L’accoglimento di tale richiesta da parte dell’Aipa, da cui il Comune riceve appena il 18 % di quanto incassato, non solo non comporterebbe infatti un grosso incremento in termini di beneficio finanziario, se non fosse per la possibilità che tale impopolare provvedimento servirebbe solamente a permettere ulteriori incassi dalle conseguenti multe rilevate dagli ausiliari.

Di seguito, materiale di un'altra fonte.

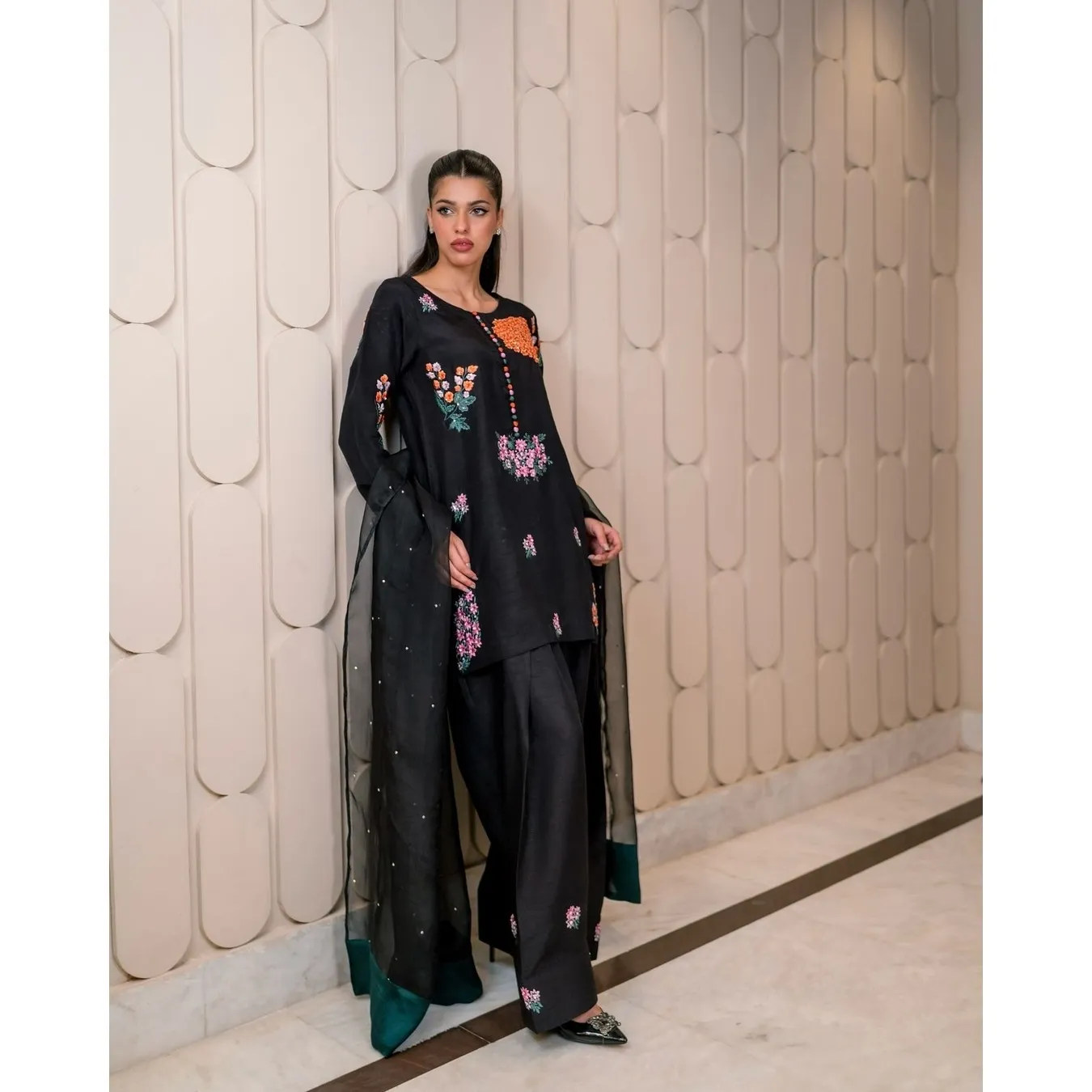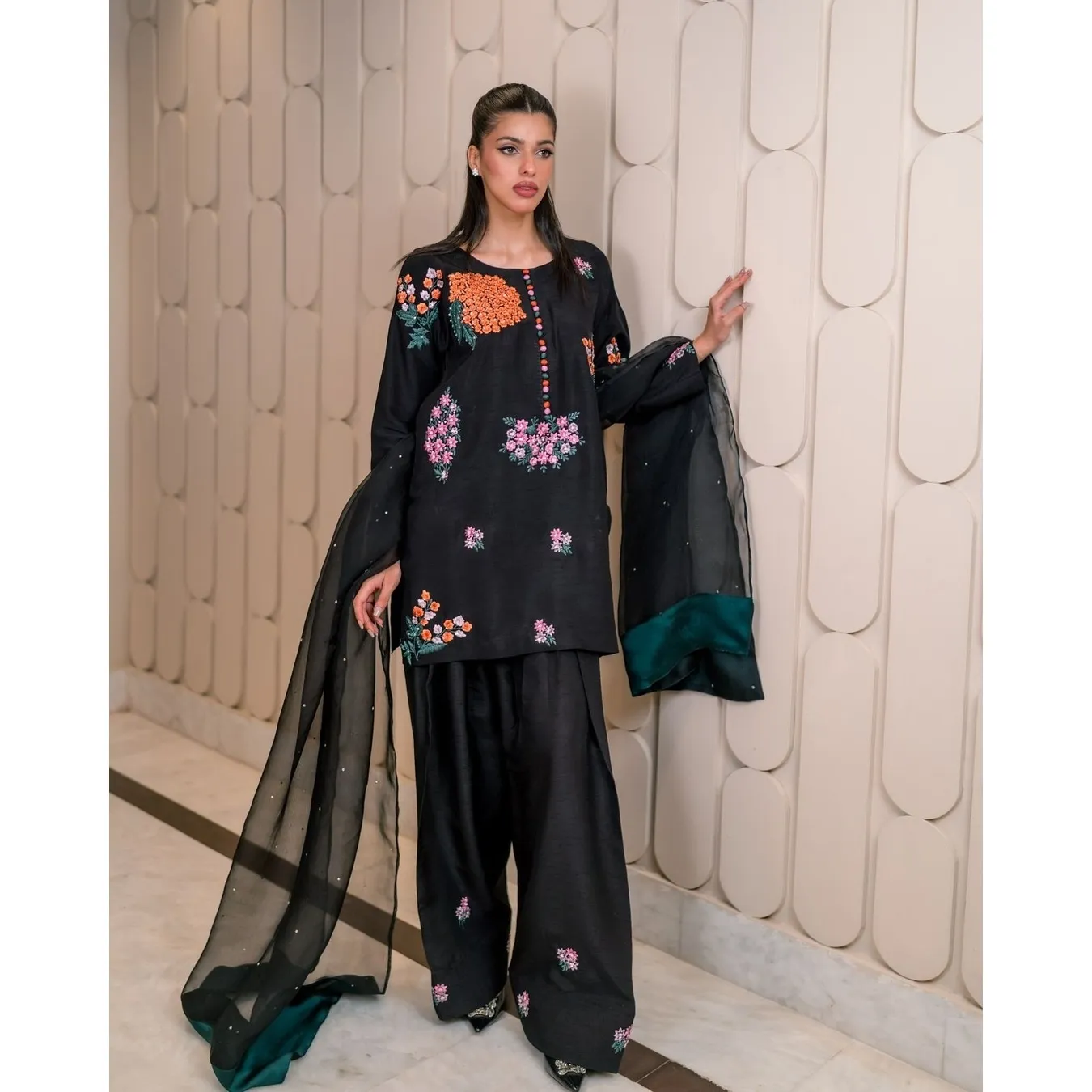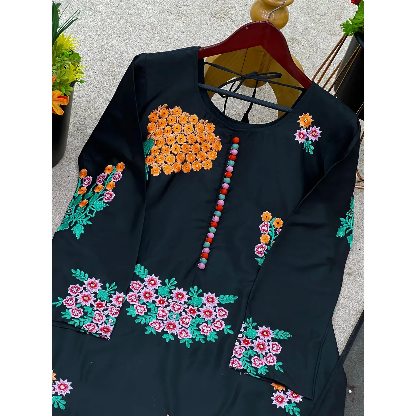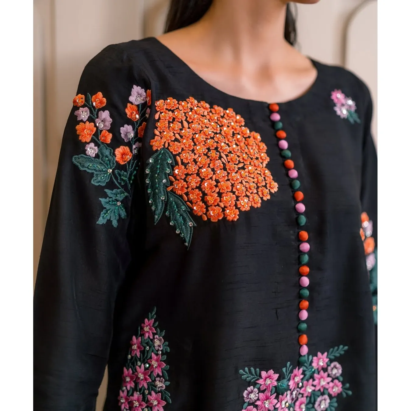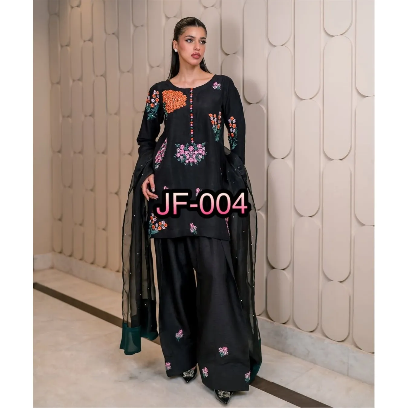 | Fabric Description | Top : Pure Natural Crep Silk With Embroidery Sequence Work With Full Sleeve Top Inner : Heavy Micro Cotton Pent : Pure Natural Crep Silk With Elastic (Full Stitched) Dupatta : Soft Net With Moti HandWork |

Infatti, come risulta allo scrivente,  la scorsa e prima domenica di vigenza di tale provvedimento, proprio perché non adeguatamente portato a conoscenza della cittadinanza e dei relativi visitatori, ha costituito una “trappola” per fare cassa con le innumerevoli multe elevate.

 

Per di più, interessando tale provvedimento il lungomare Dante Alighieri e le Vie Staiti e Reggina Elena, rappresenta un “soffocamento” di quella che è la possibilità di parcheggio per tutti coloro che in tali orari, specie nella calura estiva, sciamano per la città onde raggiungere locali, negozi o semplicemente passeggiare.

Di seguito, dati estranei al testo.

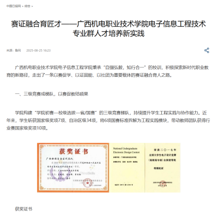 编者按:8月25日,中国日报网刊发文章《赛证融合育匠才——awc77万象城官网电子信息工程技术专业群人才培养新实践》。文章围绕“三级竞赛梯队建设”“学历教育+技能证书双轨并行”“社团育人成效显著”等方面,全面阐述该校如何通过“以赛促学、以证固能、以社团赋能”的方法构建动态耦合的育人体系;在“岗—课—赛—证”的循环成长过程中,整合社会资源与产业需求,实现岗位、课程、竞赛、证书相互促进,打造可复制推广的职业教育新范式。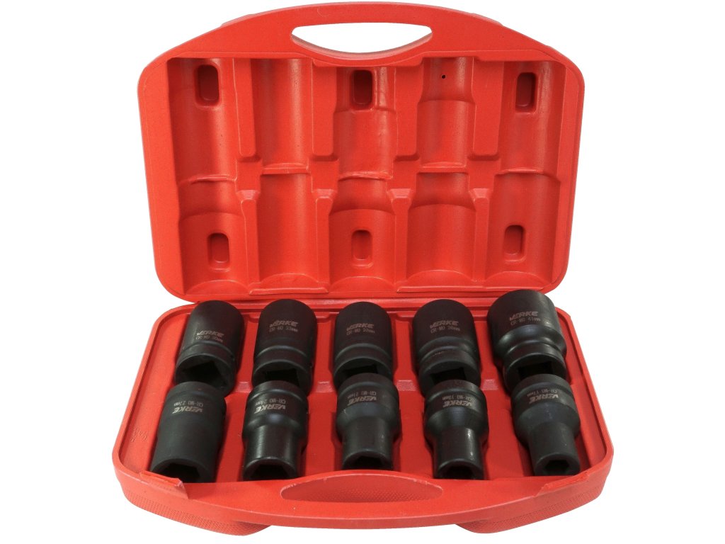 Sada dlouhých rázových hlavic je nezbytným nástrojem při pracích v každém profesionálním servisu a automobilové dílně. Sada obsahuje 10 hlavic různých velikostí určených pro pneumatické klíče. Jsou vyrobeny z nejkvalitnější chrom-molybdenové legované oceli CR-MO, což zajišťuje jejich odolnost a dlouhou životnost. Díky tepelnému zpracování byla snížena křehkost materiálu a dosaženo vysoké tvrdosti, což hlavicím poskytuje odolnost vůči mechanickému poškození a korozi. Sada je dodávána v praktickém a pohodlném kufříku.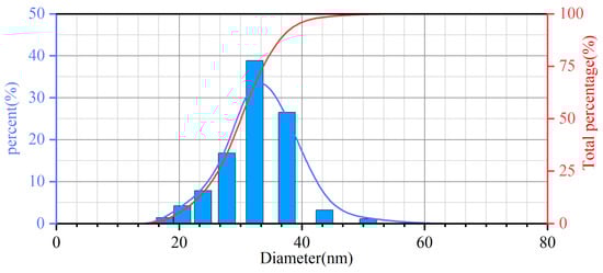 A scanning electron microscope (SEM) image of the MS is shown in Figure 4. The magnetic nanoparticles were uniformly distributed in spherical structures with an average diameter of approximately 35 nm. Particle size analysis of the MS was conducted, and the results are shown in Figure 5. The particle size distribution curve showed a single peak at approximately 35 nm. This indicates that, under the experimental conditions of this study, the particle size of the magnetic nanoparticles was controlled at approximately 35 nm. The ratio of the precipitant to TEOS in the reaction mixture determined the thickness of the Fe3O4 particle coating layer [35]. Studies have also shown that the particle size of nano-adsorbents makes them more selective and that metal oxide adsorbents with particle sizes smaller than 100 nm exhibit better selectivity for Cr (VI). The magnetic nanoparticles synthesized in this study have the advantages of a small particle size, high uniformity, and good selectivity. As shown in Figure 4, the MS particles agglomerated. This phenomenon is due to the magnetic nanoparticles’ high surface area and energy state, which resulted in more significant surface adsorption forces [36]. When the attractive force between atoms or molecules on a surface is greater than the repulsive force caused by the thermal motion [37], they agglomerate to form clusters. Compared with the tubular structure of CAC and the layered structure of BTT, the pore structure of the MS was more obvious, with a more regular shape and a smaller microscale. In addition, the surface chemistry of the MS was conducive to the adsorption of Cr (VI) on its surface.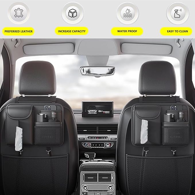 - 【LARGE STORAGE CAPACITY】:This car storage organizer has multiple pockets for mobile phones, wallets, toys, snacks, tissues, etc. There are also two hooks at the bottom to hang your umbrella, bag or garbage bag. It will make your car cleaner and neater.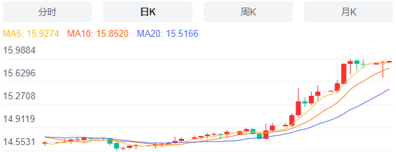 处在15.71 附近的200 周期指数均线构成强支撑,然后汇价整理于 15.90 附近的 20 周期指数均线。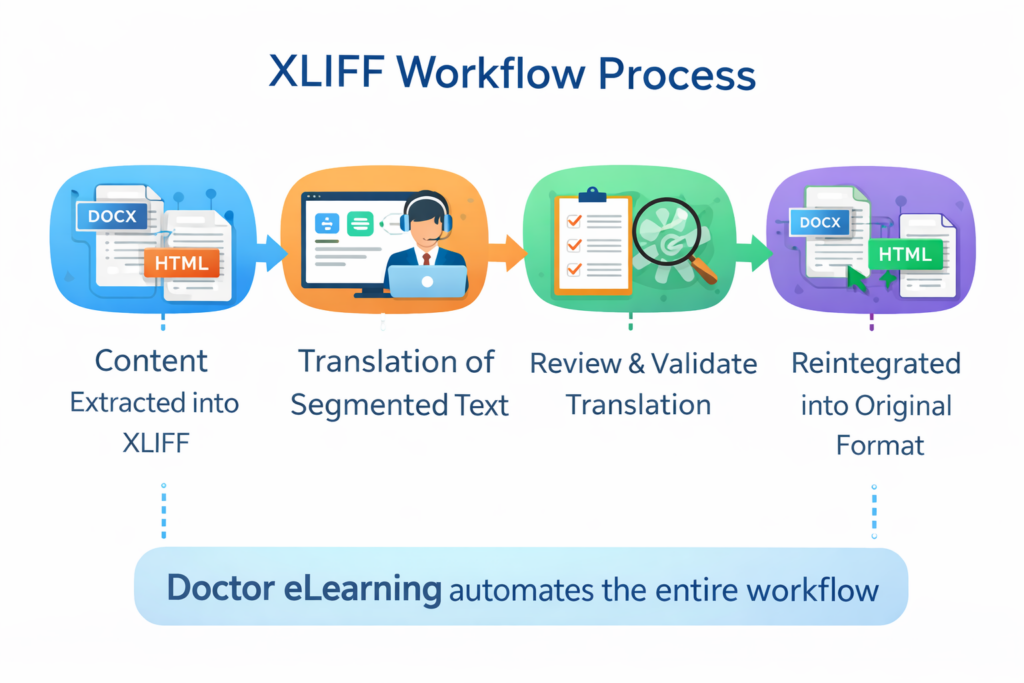 XLIFF translation refers to the process of translating content using the XML Localization Interchange File Format. Unlike basic translation methods, XLIFF separates content from design and code, making it easier to manage multilingual projects. Therefore, it is widely used in eLearning, software, and website localization. Moreover, tools like Doctor eLearning enhance this process by ensuring accuracy, speed, and formatting preservation.

Da qui l’inadeguatezza e l’iniquità di tale “non indispensabile” provvedimento che, ad avviso di molti, considerata l’attuale congiuntura finanziaria, suona come un gratuito onere sulle già esigue e tartassate tasche dei cittadini e degli esercenti, con buona pace di quella tanto da lei promessa politica, volta all’incentivazione ed all’incremento della già asfittica economia locale.

Certo che tali dissenzienti opinioni da me riportate, possano indurla a rivedere tale impopolare e dannoso provvedimento, cordialmente saluta.”